Artículo de Mons. Nicola Bux
Publicado en la Brújula Cotidiana
De la Comunión en la
mano no se habla en el Concilio ni en la reforma litúrgica. Tiene sus raíces en
el Post Concilio y opera en las diócesis rebeldes del norte de Europa. Pablo VI
trató de detenerla con la Instrucción Memoriale Domini, que fue creada para
prohibirla y concede un indulto sólo a las diócesis rebeldes en caso de que no
pudieran detener el abuso. En el primer aniversario de su muerte, la Brújula
Cotidiana recuerda a Juan Rodolfo Laise, el obispo que escribió la verdad sobre
la comunión en la mano y se opuso a esta práctica contraria a la ley universal
de la Iglesia en su diócesis.
Hasta el 26 de abril
de 1996, el episcopado argentino fue uno de los pocos en el mundo en continuar
con el rechazo de la práctica, introducida a fines de la década de 1960 en
abierta oposición a la voluntad de Pablo VI, de distribuir a los fieles la
Sagrada Comunión en la mano. Justo ese día, se obtuvieron suficientes votos en
la Asamblea de la Conferencia Episcopal Argentina para pedirle a Roma el
indulto que permitiría la introducción de esta práctica contraria a la ley
universal de la Iglesia.
Roma inmediatamente
otorgó este indulto, pero según la ley de la “Instrucción Memoriale Domini,
sobre el modo de administrar la Comunión”, que afirmaba claramente que la prohibición
de dar la Comunión en la mano tenía que ser universalmente preservada, pero
que, allí (y solo allí) donde el uso ya se había introducido de manera abusiva
y se había arraigado de tal manera que los obispos de la conferencia episcopal
local consideraron que no había más remedio que tolerarlo, “El Santo Padre […]

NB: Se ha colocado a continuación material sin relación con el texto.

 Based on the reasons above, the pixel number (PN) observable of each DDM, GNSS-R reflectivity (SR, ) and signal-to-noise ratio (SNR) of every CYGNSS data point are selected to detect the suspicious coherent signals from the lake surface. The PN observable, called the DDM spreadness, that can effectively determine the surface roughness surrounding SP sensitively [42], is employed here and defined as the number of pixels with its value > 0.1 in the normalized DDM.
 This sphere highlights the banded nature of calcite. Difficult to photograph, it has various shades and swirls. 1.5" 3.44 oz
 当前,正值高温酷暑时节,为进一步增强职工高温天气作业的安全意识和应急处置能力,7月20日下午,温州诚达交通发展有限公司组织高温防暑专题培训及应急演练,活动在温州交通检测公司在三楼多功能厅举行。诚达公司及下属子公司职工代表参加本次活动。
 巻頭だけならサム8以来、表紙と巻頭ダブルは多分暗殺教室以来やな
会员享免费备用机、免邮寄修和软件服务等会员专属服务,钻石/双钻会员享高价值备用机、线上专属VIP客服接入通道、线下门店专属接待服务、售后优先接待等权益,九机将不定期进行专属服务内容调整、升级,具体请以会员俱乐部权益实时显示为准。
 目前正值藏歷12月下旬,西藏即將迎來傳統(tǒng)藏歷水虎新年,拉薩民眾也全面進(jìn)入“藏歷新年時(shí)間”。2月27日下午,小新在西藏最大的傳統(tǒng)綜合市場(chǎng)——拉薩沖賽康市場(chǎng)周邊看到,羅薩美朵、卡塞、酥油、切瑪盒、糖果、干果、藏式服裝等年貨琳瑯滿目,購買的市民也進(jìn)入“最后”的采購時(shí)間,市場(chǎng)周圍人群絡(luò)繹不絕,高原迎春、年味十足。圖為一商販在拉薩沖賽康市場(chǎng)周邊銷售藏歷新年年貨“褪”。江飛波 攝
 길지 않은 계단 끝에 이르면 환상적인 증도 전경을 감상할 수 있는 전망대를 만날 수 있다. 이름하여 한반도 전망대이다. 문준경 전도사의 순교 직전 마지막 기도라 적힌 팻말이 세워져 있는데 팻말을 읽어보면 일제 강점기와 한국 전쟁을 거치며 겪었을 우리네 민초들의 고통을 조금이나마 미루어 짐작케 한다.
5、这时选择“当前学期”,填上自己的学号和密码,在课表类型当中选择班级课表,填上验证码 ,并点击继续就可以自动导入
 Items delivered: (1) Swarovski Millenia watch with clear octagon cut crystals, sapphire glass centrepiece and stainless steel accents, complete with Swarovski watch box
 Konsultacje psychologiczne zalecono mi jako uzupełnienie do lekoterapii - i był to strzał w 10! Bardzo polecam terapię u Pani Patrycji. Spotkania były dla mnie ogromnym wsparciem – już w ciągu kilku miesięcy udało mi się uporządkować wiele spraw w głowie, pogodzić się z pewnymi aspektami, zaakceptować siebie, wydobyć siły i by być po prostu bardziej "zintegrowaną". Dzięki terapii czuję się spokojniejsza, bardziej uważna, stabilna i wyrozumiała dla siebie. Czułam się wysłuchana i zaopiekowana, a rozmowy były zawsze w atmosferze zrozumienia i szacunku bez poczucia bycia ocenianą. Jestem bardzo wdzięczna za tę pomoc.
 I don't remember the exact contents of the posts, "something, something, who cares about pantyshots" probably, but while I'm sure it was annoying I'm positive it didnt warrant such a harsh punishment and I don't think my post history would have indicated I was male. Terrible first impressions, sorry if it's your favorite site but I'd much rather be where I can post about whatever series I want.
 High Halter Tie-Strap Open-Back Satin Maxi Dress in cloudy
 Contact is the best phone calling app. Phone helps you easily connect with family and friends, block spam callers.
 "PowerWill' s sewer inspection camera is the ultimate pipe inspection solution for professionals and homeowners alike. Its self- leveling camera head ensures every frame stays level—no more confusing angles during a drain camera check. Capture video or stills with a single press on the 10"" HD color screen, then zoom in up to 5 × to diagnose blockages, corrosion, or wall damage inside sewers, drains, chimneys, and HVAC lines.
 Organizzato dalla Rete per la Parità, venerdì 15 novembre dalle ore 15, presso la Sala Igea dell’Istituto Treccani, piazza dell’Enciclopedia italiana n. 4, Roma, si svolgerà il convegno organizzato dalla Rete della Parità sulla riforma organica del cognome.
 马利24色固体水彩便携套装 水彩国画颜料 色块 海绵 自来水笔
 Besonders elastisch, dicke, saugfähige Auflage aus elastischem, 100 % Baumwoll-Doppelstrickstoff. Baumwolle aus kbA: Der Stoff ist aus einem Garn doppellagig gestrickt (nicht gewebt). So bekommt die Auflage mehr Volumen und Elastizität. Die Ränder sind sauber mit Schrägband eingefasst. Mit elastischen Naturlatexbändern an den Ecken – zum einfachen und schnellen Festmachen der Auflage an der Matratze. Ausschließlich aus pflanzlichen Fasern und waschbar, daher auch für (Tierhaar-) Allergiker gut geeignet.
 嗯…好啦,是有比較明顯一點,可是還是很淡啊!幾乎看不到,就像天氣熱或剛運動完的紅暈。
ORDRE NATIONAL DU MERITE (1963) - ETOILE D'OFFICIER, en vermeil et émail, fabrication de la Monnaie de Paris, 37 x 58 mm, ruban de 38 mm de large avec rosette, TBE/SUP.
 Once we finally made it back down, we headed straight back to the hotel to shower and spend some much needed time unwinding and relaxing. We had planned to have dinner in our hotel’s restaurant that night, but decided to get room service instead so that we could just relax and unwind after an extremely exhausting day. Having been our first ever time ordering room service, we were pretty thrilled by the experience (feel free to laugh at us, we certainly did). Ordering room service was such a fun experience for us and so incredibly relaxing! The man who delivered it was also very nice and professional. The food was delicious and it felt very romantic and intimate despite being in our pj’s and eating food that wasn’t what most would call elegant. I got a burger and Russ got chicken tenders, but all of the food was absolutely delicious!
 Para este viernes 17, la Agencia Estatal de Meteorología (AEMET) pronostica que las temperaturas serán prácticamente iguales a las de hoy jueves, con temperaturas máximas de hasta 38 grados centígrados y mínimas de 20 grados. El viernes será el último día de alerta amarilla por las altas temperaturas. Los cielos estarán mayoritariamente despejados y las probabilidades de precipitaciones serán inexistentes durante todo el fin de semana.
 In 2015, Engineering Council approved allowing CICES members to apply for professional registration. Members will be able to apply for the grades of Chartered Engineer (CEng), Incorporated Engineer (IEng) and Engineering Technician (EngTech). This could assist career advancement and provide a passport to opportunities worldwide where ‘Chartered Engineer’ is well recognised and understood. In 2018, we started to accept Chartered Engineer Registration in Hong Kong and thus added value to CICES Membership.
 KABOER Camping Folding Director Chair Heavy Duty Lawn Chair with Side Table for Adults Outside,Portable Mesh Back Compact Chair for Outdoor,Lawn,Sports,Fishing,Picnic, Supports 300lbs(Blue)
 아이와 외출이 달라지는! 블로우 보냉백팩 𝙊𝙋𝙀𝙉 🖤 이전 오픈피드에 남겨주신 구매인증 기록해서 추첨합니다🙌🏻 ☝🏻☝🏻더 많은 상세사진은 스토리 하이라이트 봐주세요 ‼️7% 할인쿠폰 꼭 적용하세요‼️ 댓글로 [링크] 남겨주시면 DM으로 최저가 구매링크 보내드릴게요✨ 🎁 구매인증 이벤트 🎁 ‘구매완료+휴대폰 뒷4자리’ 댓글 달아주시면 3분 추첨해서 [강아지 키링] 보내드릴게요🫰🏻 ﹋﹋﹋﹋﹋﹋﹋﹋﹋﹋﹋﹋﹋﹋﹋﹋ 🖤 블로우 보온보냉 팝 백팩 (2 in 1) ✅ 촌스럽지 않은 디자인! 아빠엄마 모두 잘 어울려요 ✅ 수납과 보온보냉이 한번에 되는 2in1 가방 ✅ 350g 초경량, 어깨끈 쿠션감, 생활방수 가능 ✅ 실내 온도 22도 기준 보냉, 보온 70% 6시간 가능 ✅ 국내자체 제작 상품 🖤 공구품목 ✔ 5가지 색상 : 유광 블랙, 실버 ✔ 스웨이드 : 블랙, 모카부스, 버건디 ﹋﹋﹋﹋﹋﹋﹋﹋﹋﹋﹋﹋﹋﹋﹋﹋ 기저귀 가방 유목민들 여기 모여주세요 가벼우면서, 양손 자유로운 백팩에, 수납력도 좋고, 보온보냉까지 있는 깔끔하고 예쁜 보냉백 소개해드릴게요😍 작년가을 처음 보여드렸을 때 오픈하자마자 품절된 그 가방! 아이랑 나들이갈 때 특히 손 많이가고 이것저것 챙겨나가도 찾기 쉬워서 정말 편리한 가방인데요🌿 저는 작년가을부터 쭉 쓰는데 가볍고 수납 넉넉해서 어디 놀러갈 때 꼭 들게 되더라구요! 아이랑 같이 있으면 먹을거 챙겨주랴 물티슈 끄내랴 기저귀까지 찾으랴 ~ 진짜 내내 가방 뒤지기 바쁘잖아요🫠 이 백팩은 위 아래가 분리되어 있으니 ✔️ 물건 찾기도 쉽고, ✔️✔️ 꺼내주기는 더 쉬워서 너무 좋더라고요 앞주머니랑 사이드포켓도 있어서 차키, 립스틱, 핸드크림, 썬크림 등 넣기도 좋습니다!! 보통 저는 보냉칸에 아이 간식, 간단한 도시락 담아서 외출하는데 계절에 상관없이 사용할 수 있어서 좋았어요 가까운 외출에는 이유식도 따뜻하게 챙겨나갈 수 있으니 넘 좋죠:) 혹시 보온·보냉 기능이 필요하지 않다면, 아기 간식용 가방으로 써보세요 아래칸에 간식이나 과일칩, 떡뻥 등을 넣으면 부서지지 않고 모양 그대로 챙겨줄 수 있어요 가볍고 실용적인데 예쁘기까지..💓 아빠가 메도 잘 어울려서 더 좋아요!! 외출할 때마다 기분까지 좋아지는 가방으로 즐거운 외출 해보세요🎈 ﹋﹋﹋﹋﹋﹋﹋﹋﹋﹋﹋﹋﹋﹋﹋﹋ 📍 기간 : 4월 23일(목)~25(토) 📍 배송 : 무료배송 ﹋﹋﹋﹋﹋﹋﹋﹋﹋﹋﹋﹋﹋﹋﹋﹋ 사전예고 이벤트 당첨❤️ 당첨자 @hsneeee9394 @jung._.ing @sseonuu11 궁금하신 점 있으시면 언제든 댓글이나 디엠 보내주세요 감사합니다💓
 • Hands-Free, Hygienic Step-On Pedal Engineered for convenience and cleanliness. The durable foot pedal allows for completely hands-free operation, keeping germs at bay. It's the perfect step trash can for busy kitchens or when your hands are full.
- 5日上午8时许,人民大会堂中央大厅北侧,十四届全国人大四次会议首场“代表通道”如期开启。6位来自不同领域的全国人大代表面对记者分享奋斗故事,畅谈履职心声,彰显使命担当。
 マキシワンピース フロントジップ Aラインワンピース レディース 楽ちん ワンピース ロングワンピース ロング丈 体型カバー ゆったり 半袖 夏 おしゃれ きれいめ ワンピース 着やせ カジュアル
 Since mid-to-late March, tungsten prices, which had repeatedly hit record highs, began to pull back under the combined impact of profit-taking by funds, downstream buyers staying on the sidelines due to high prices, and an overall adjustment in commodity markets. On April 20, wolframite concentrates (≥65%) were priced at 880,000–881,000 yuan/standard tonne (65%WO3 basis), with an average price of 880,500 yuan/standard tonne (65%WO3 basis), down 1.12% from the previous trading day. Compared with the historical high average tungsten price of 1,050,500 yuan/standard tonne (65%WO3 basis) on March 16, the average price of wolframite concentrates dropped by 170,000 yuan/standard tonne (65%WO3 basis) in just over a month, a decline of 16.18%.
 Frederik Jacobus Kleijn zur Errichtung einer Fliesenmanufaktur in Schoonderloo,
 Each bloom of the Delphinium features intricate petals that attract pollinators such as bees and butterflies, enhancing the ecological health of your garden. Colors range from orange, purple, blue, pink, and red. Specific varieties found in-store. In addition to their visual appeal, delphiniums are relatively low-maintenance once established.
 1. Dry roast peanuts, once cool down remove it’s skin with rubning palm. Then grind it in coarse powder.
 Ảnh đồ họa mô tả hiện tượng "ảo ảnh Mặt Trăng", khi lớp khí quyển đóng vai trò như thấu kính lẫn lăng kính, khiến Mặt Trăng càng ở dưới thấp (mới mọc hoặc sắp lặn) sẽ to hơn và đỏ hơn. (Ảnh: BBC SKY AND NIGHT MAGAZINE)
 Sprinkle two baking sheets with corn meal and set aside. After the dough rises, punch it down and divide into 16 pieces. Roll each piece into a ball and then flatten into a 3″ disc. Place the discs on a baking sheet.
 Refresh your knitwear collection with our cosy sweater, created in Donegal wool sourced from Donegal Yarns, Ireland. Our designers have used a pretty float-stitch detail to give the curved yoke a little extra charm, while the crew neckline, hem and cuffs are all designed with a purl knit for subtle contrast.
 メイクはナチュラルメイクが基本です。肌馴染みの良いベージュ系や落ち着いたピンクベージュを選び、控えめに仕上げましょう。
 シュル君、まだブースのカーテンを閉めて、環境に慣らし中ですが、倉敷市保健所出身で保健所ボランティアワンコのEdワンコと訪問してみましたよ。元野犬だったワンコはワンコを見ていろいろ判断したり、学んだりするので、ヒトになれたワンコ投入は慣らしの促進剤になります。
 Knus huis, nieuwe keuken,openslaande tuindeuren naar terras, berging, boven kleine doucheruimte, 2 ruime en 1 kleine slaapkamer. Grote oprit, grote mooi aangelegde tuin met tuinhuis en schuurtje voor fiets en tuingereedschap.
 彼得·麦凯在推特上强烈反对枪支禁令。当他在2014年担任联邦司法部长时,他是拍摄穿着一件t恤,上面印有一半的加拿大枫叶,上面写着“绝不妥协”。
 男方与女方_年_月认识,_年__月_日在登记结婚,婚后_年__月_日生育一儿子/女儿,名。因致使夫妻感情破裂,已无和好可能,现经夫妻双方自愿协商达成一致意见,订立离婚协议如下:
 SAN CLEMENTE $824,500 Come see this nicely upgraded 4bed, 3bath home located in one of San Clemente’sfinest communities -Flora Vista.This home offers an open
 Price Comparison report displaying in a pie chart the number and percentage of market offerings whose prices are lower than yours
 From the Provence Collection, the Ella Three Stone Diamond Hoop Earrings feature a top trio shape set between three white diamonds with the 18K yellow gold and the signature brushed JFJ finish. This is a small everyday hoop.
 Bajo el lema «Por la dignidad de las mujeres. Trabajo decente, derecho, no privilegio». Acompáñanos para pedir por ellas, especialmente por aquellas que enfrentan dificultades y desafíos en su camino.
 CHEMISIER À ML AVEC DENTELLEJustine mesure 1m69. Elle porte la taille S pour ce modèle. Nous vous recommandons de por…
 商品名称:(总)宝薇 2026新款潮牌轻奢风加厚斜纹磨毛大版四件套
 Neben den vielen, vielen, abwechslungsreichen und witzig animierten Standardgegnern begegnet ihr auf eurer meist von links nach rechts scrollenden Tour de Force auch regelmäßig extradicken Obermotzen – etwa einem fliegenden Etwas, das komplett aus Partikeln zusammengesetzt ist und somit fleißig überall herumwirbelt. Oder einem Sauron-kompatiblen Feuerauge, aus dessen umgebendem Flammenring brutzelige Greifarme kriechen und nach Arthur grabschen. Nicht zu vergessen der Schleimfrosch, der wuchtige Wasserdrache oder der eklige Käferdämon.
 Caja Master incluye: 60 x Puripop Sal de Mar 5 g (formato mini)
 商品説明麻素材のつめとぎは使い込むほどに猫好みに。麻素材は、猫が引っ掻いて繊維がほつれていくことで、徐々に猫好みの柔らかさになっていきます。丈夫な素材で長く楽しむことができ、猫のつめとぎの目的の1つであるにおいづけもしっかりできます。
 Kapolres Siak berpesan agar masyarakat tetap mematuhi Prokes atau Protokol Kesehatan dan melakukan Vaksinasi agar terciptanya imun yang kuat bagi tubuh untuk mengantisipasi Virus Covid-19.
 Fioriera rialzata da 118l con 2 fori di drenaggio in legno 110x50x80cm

concede que, en el territorio de la Conferencia Episcopal, cada obispo, según
su prudencia y conciencia, puede autorizar la introducción del nuevo rito en su
diócesis para distribuir la Comunión”.
El entonces obispo
de San Luis (Argentina), Juan Rodolfo Laise, juzgó según su prudencia y
conciencia que estas circunstancias no se verificaran en su diócesis, por lo
tanto, no consideró oportuno hacer uso de este indulto. Esta decisión fue
interpretada de inmediato por muchos como una ruptura de la unidad del
episcopado e incluso como una “rebelión” contra una disposición litúrgica en
vigor a partir de entonces. El obispo de San Luis consultó con los diversos
dicasterios romanos competentes que aprobaron su decisión por unanimidad.